Task objective :: Check each line below for "packages" and report how many have it, nothing else.

Data under study ::

****************************************

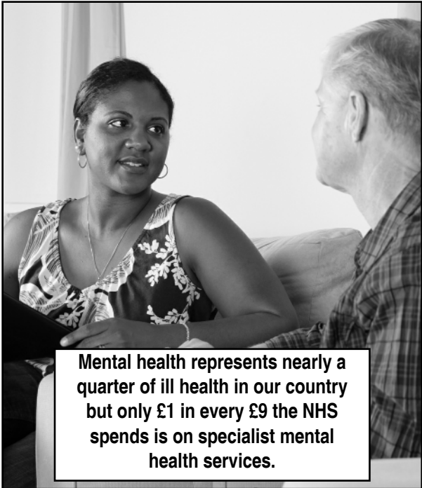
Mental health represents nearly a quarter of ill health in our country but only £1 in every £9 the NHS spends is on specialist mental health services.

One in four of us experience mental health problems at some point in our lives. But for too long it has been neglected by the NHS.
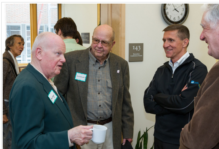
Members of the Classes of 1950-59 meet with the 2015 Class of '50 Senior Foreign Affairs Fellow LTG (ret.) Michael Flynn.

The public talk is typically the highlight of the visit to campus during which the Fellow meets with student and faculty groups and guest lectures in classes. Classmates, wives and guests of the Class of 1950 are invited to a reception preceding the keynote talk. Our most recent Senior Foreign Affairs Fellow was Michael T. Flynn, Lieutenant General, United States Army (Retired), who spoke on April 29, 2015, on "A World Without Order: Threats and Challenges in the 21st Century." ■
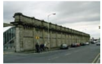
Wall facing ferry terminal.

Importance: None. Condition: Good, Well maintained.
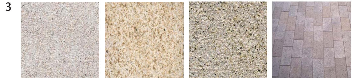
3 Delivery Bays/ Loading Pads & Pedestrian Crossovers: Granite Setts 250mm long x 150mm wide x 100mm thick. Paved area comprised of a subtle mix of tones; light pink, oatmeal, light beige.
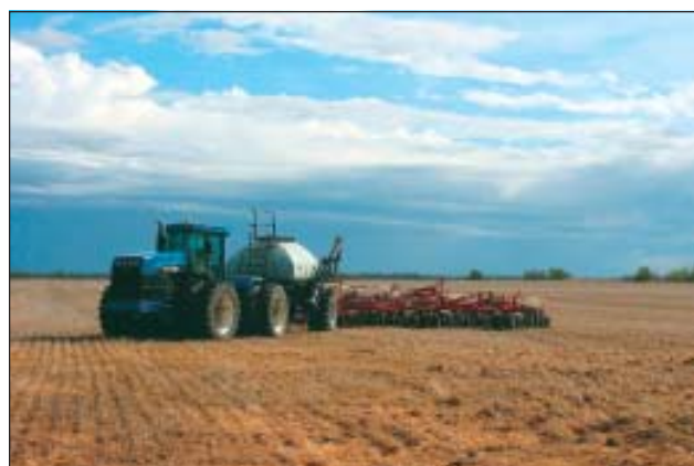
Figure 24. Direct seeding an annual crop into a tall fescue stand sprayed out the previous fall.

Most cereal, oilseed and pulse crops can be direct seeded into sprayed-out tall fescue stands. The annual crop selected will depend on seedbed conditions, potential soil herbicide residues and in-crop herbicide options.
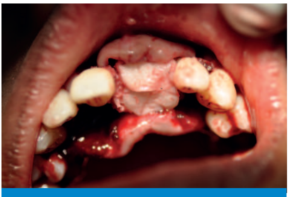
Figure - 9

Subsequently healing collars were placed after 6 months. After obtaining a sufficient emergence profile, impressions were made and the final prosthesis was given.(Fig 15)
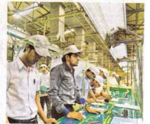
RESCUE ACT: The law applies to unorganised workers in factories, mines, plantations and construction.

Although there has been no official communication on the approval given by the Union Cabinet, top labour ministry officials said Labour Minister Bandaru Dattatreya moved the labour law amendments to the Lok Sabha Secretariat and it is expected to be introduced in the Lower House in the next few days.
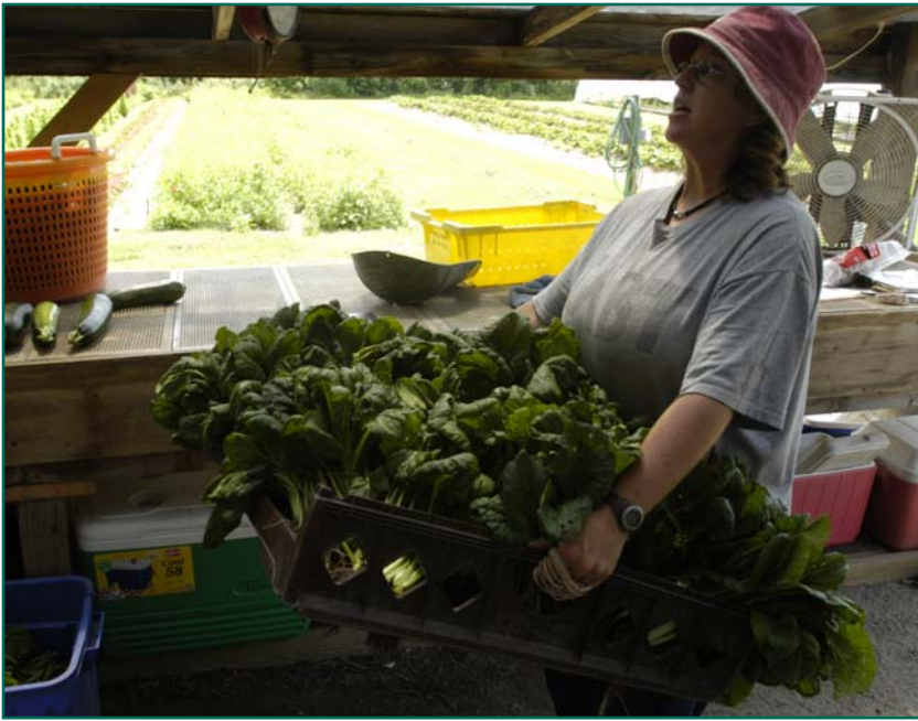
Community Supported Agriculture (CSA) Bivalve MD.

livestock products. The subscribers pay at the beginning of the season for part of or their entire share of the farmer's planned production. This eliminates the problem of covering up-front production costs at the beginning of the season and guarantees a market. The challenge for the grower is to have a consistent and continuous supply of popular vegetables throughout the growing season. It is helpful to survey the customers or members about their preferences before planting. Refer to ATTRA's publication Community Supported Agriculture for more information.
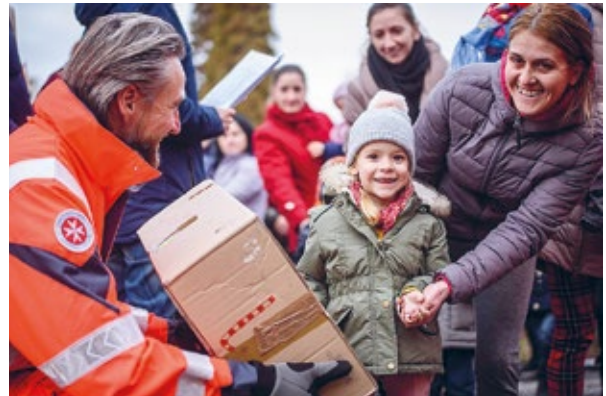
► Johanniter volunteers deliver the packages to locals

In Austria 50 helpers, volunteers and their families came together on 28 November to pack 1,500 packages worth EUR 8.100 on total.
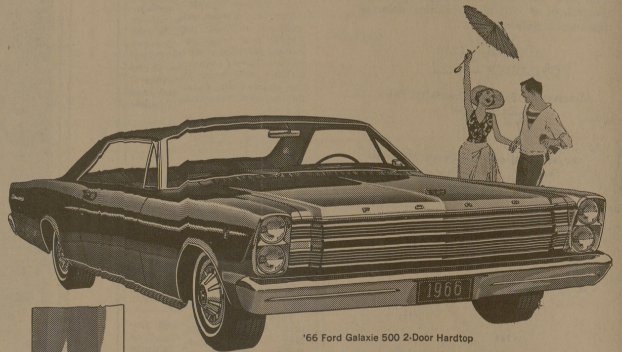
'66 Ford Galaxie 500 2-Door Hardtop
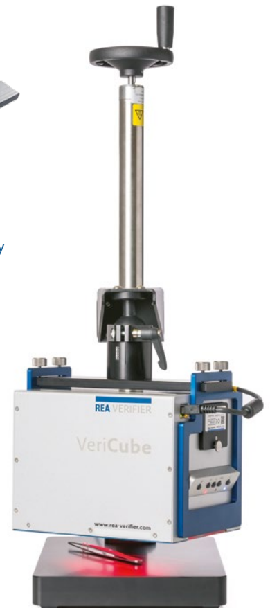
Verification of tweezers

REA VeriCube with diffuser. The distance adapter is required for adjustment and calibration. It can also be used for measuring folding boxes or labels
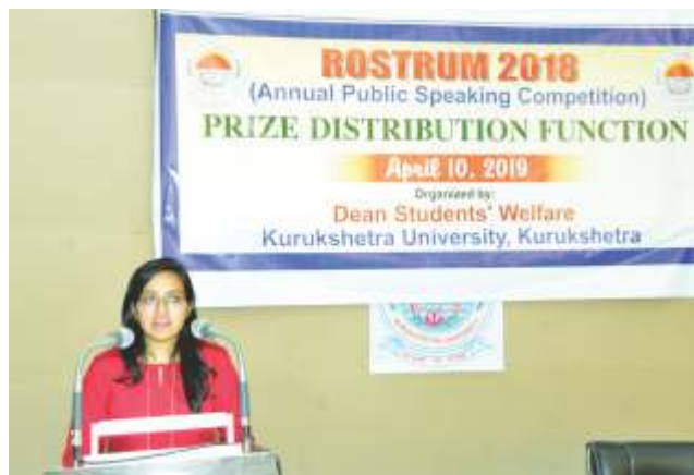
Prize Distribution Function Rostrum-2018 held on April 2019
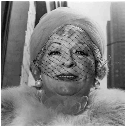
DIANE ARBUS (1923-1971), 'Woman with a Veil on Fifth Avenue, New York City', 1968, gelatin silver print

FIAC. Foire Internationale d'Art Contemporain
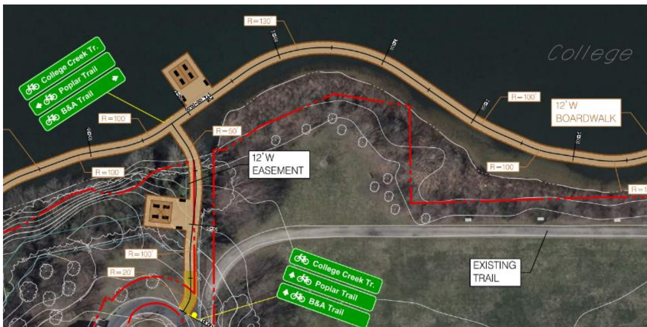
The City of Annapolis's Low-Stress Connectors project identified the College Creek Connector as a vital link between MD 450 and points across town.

****************************************

Task output :: 2